Gradual improvements in instrument operational speed, the advent of novel dissociation techniques19–22 and implementation of multidimensional ion separation regimes23–25 enable researchers to obtain greater levels of detail from complex mixtures than ever before. However, while shotgun proteomics provides a means for deep proteomic profiling, the typical time course and complexity of a single experiment26 renders repetitive measurements of numerous samples untenable. For this reason, many have turned to multiplexed quantitative proteomics workflows to provide simultaneous deep proteomic profiling of numerous samples while retaining the ability to assign relative and absolute abundance information.
Quantitative proteomics, now comprised of several distinct strategies, operates under the principle that signal response from any given analyte is related to its abundance within the mixture. As such, should an analyte be identified in numerous samples, the relative intensity of the analyte's signal response in each sample can be used to provide a means of relative or absolute quantitation.

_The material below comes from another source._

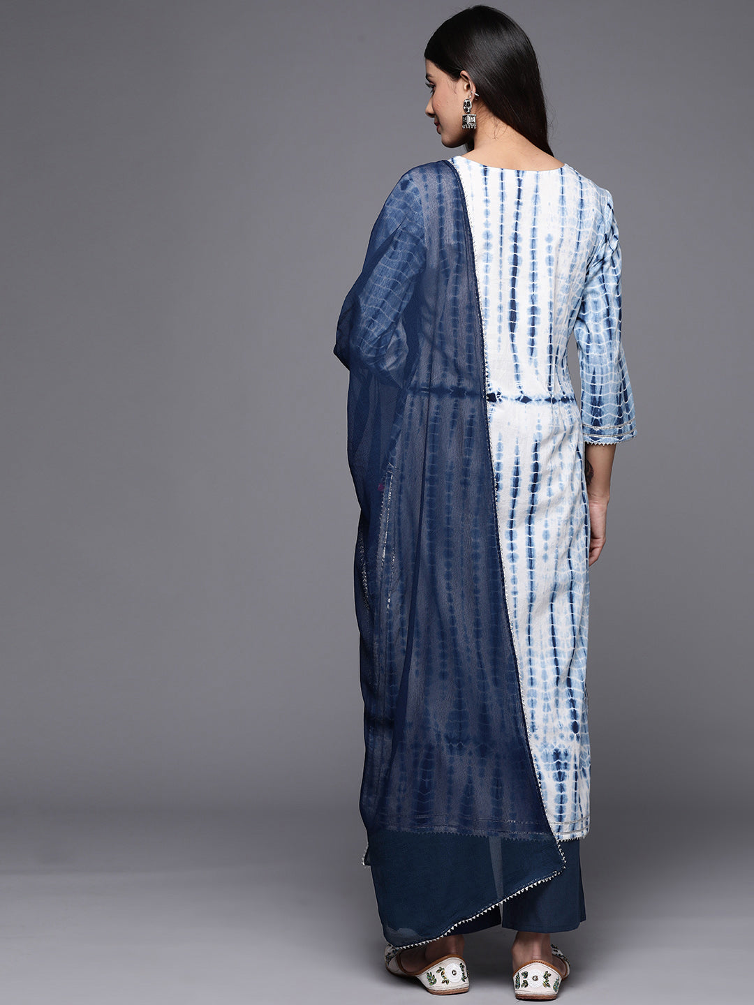 Varanga Women Straight Kurta With Round Neck Paired With Blue Solid Palazzo And Blue Solid DupattaWhite And Blue Shibori Printed Kurta With Gota Em...

However, MS reporting signal is divided into numerous channels depending on the quantity and ionization efficiency of all present biomolecules, which indicates the high variability that can arise from even discrete sample changes. In remedy of this ailment—and to remove run-to-run variation—researchers have employed unique chemical modifiers that often incorporate stable isotopes to label biomolecules within solution. These labels result in a unique mass shift for each sample without altering their retention time in liquid-chromatography. These newly tagged analytes may then be combined, measured simultaneously via MS, and then evaluated for the relative abundance of all labeled channels.
These quantitative strategies have provided unique avenues towards the discovery and validation of cancer-specific biomarkers. The ability to analyze numerous samples simultaneously provides researchers not only with a means for high throughput sample profiling, but also a means to uncover what proteomic perturbations are relevant across patients, between control groups, and specific to disease severity and progression. These perturbations and quantitative differences are often discussed in language that is familiar to proteomic researchers but that may create confusion in those coming from adjacent fields of research. Within proteomics, and ubiquitous throughout this review, quantitative differences of proteins, peptides and other biomolecules are described as “up-regulated” or “down-regulated.” These terms are used to describe those species with quantifiable differences against the control, often with statistical significance. Though readers may conjecture that up- or down-regulated protein species are the result of pathway regulation, these hypotheses are often not explored in proteomic literature and may be discussed elsewhere. For this reason, it is important to clarify that differences in regulation are meant only to indicate the quantitative findings presented by the original authors. Regardless of verbiage technicalities, researchers often pursue quantitative proteomics as a facile avenue towards novel biological insight.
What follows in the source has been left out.